◆ EXERCISE OBJECTIVE
Without including any pictures, reproduce the full listing exactly.

◆ PROVIDED DATA
^^^^^^^^

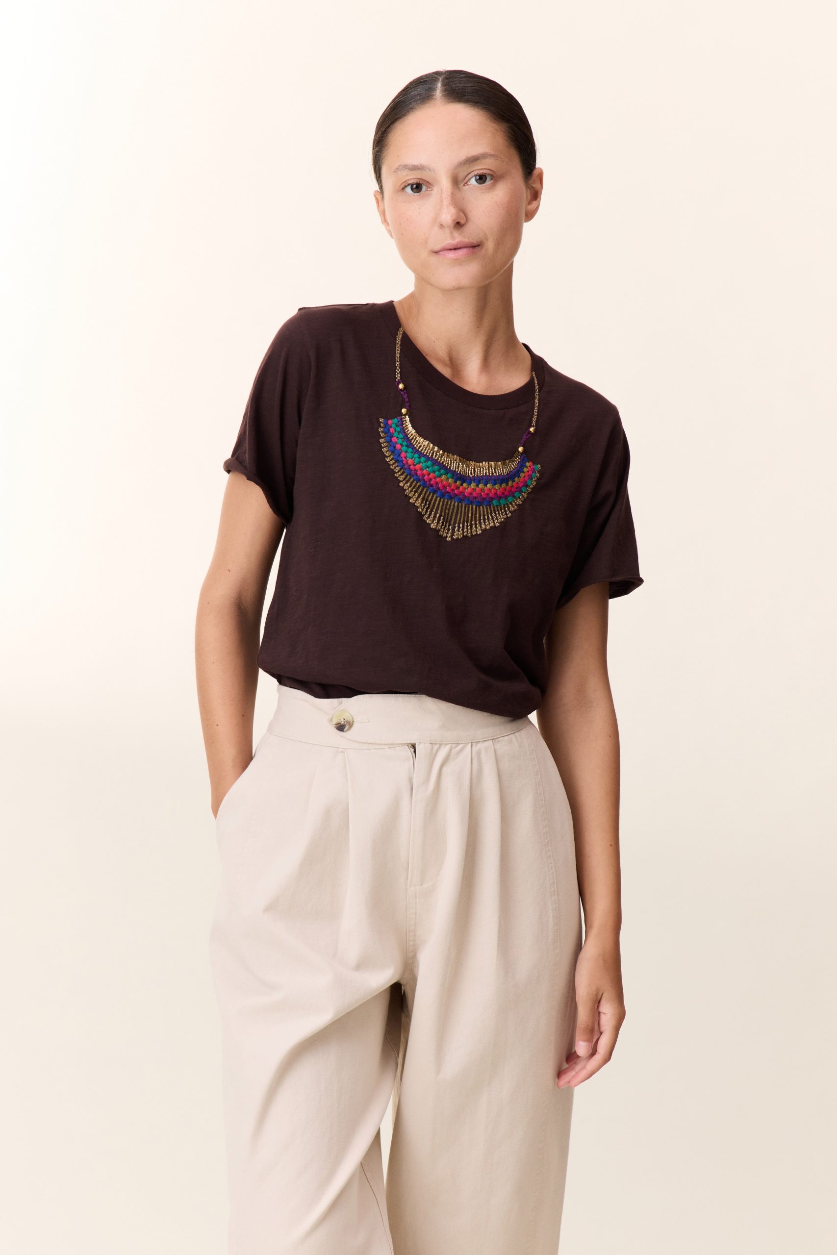 Le t-shirt Toro Collier s’impose comme un essentiel revisité. Composé en 100% coton organique , il mise sur une maille douce au tombé naturel, pensée pour la liberté au quotidien. Le col rond révèle un motif appliqué qui rappelle un collier, souligné par des détails texturés et une finition nette. Portez-le aussi bien avec un jean pour une démarche cool qu’avec une veste pour un look plus affirmé.
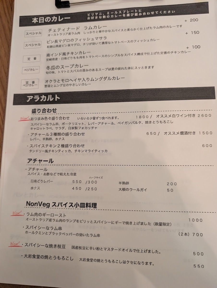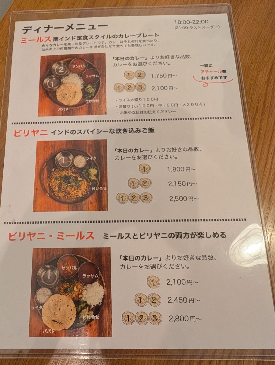 For a quick snack or on-the-go meal, the カレーパン (Curry Bun) and チキンビリヤニ弁当 (Chicken Biryani Bento) are perfect choices, offering portable yet satisfying meals. The 食後のチャイ (Post-Meal Chai) adds a comforting touch to the meal, making it a great way to unwind after enjoying the savory dishes. Lastly, the inclusion of 辛いピクルス (Spicy Pickles) on the menu provides a zesty and tangy kick that complements the rich and flavorful main courses.
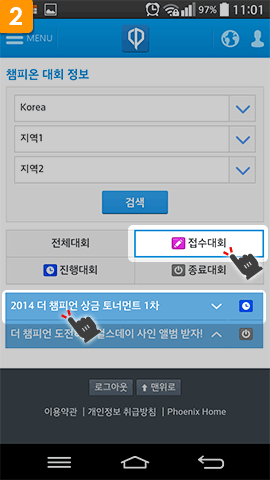③ 피닉스 온라인 카드를 터치한 후 대회의 상세 정보를 확인하고 참가 신청을 합니다.
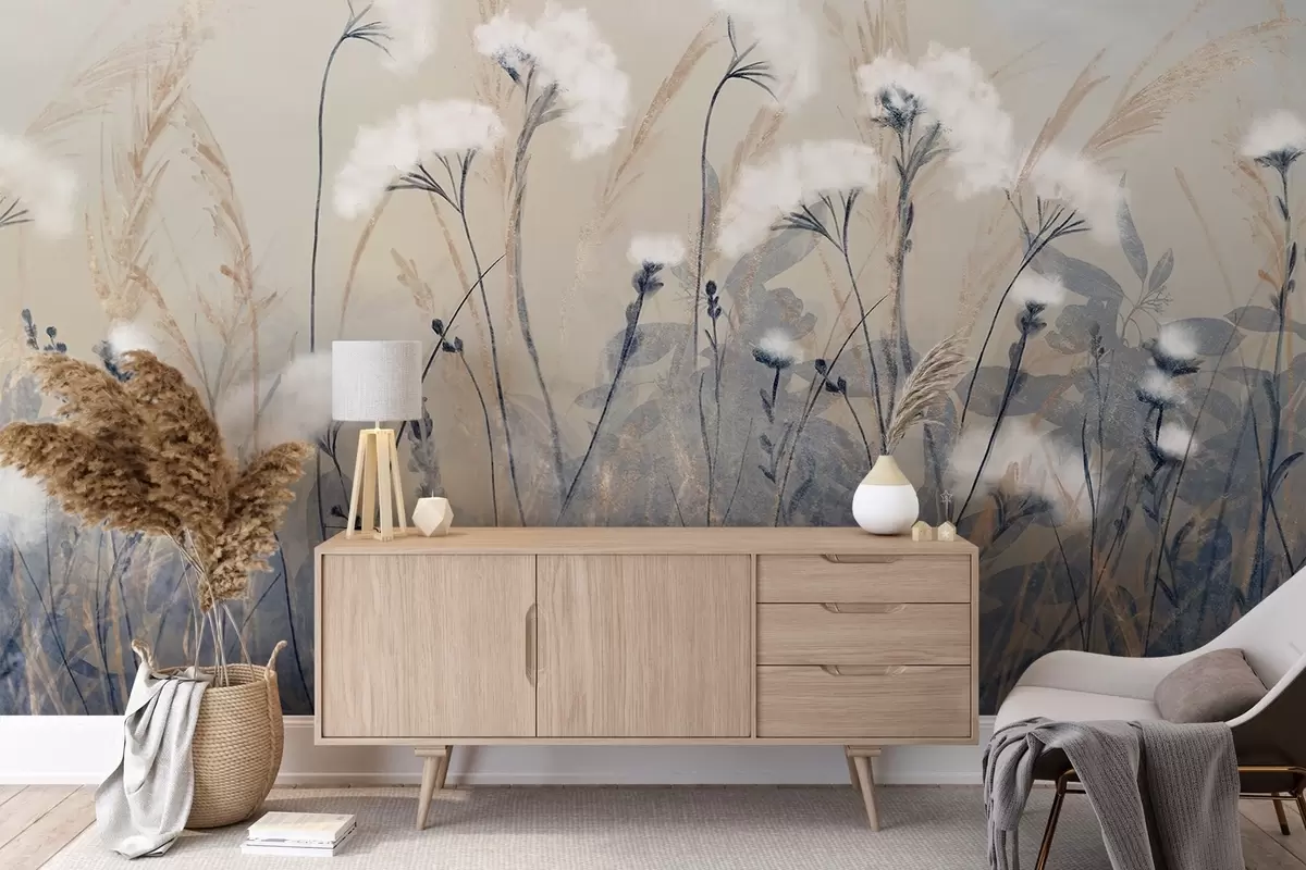 Fototapety Nadýchaná bílá bavlněná tráva na rozmazaném texturním pozadí s jemnou, mlhavou a klidnou atmosférou Č. w08416

^^^^^^^^

◆ TASK SOLUTION
 Le t-shirt Toro Collier s’impose comme un essentiel revisité. Composé en 100% coton organique , il mise sur une maille douce au tombé naturel, pensée pour la liberté au quotidien. Le col rond révèle un motif appliqué qui rappelle un collier, souligné par des détails texturés et une finition nette. Portez-le aussi bien avec un jean pour une démarche cool qu’avec une veste pour un look plus affirmé.
 For a quick snack or on-the-go meal, the カレーパン (Curry Bun) and チキンビリヤニ弁当 (Chicken Biryani Bento) are perfect choices, offering portable yet satisfying meals. The 食後のチャイ (Post-Meal Chai) adds a comforting touch to the meal, making it a great way to unwind after enjoying the savory dishes. Lastly, the inclusion of 辛いピクルス (Spicy Pickles) on the menu provides a zesty and tangy kick that complements the rich and flavorful main courses.
③ 피닉스 온라인 카드를 터치한 후 대회의 상세 정보를 확인하고 참가 신청을 합니다.
 Fototapety Nadýchaná bílá bavlněná tráva na rozmazaném texturním pozadí s jemnou, mlhavou a klidnou atmosférou Č. w08416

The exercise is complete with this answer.